Shipping FreeSay to 2GB-RAM Phones: What We Cut, What We Kept

#ai #llm #mobile #performance

I built FreeSay — an AI-powered speaking tutor — and a surprising amount of engineering time went into making it run well on cheap phones. This post is about what got cut and what survived, targeting devices with 2GB of RAM and flaky connections.

Why this matters

Most of FreeSay's audience lives in markets where the median phone is not flagship-class. If the app chokes on a Samsung A03 or a Redmi 9A, we lose the exact users we were built for. So "runs on 2GB" was a hard constraint from day one, not a post-launch optimization.

What we kept

Real-time LLM-backed conversation in 15 target languages. Every turn goes to the cloud for quality; we gave up on fully offline speech-to-text because the accuracy gap was too large for beginners.
Cloud TTS for the tutor voice. We tested Piper on-device for Android — the voice-quality drop was too jarring relative to the APK bloat.
Aggressive per-turn caching on the server. Common corrections, translations, and vocabulary lookups are memoized so repeat learners pay close-to-zero latency on overlap.
A bare-metal server in Korea instead of serverless. Regional subscription pricing cannot survive Lambda bills once conversation volume grows.

What we cut

Heavy onboarding animations. Replaced with a single static screen and a play button. Every frame skipped was a frame the GPU did not have to allocate.
Rich-text chat bubbles. We tried markdown rendering in the chat log, then fell back to plain text with a handful of explicit highlight types — correction, new word, translation.
Pre-downloaded lesson content. Everything is fetched on demand; the APK ships small, and the first launch only downloads what the user actually opens.
Optional in-app video demos. For slow connections, a 30-second video was the difference between "intrigued" and "gave up." We replaced them with text + a single still frame.

The stack, briefly

React Native for a single codebase across iOS and Android.

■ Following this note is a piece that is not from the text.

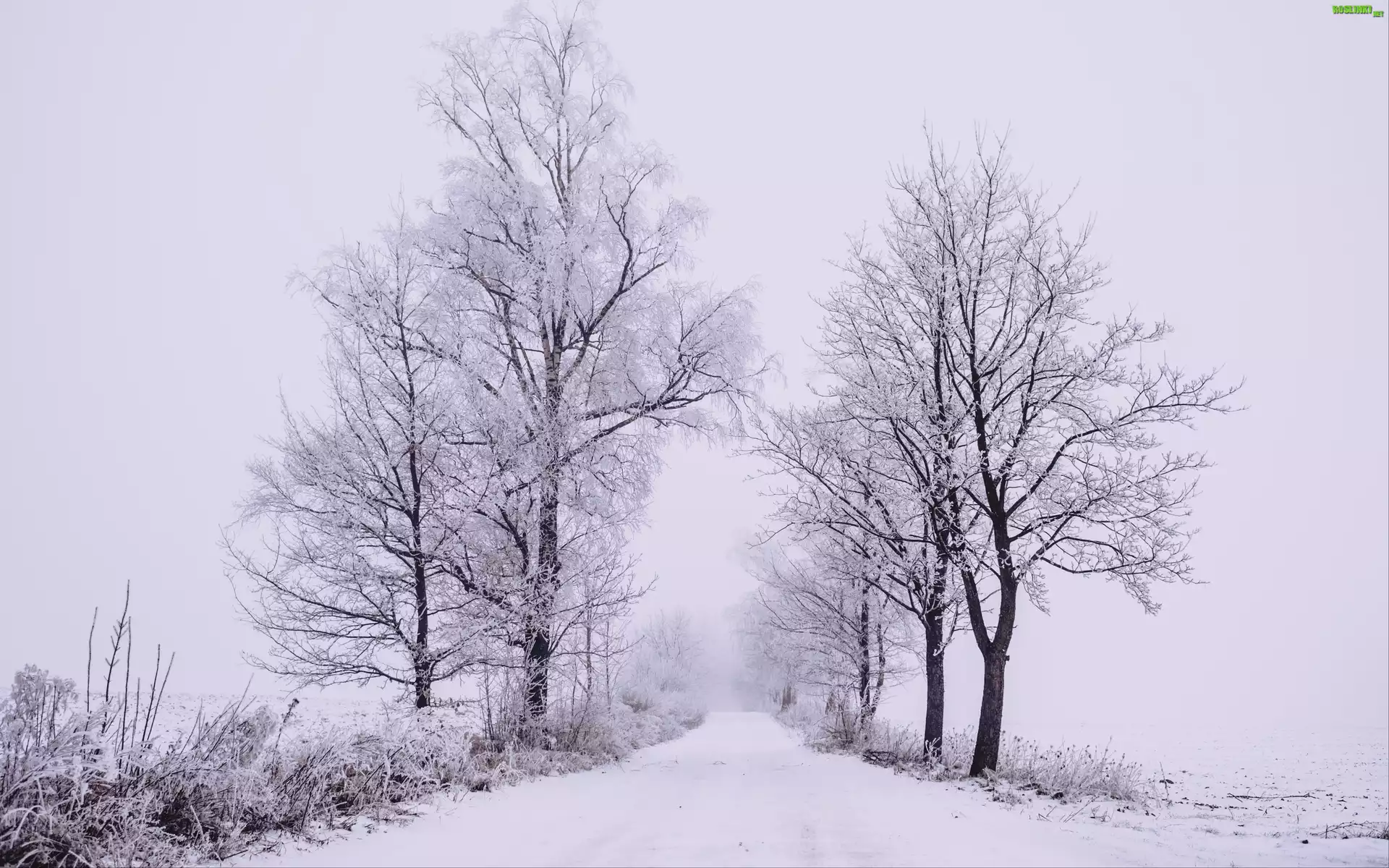 Rośliny: Zima, Śnieg, Drzewa, Droga

On-demand correction via LLM calls. Cloud TTS. A Puppeteer pipeline for localized Play Store / App Store screenshots.

What I would do differently

If I were starting again, I would benchmark the APK size and cold-start time on a 2GB device before writing a single feature. Almost every hard call we made later — TTS source, animation budget, bundle splitting — came back to that one number: how long until the learner can speak their first sentence?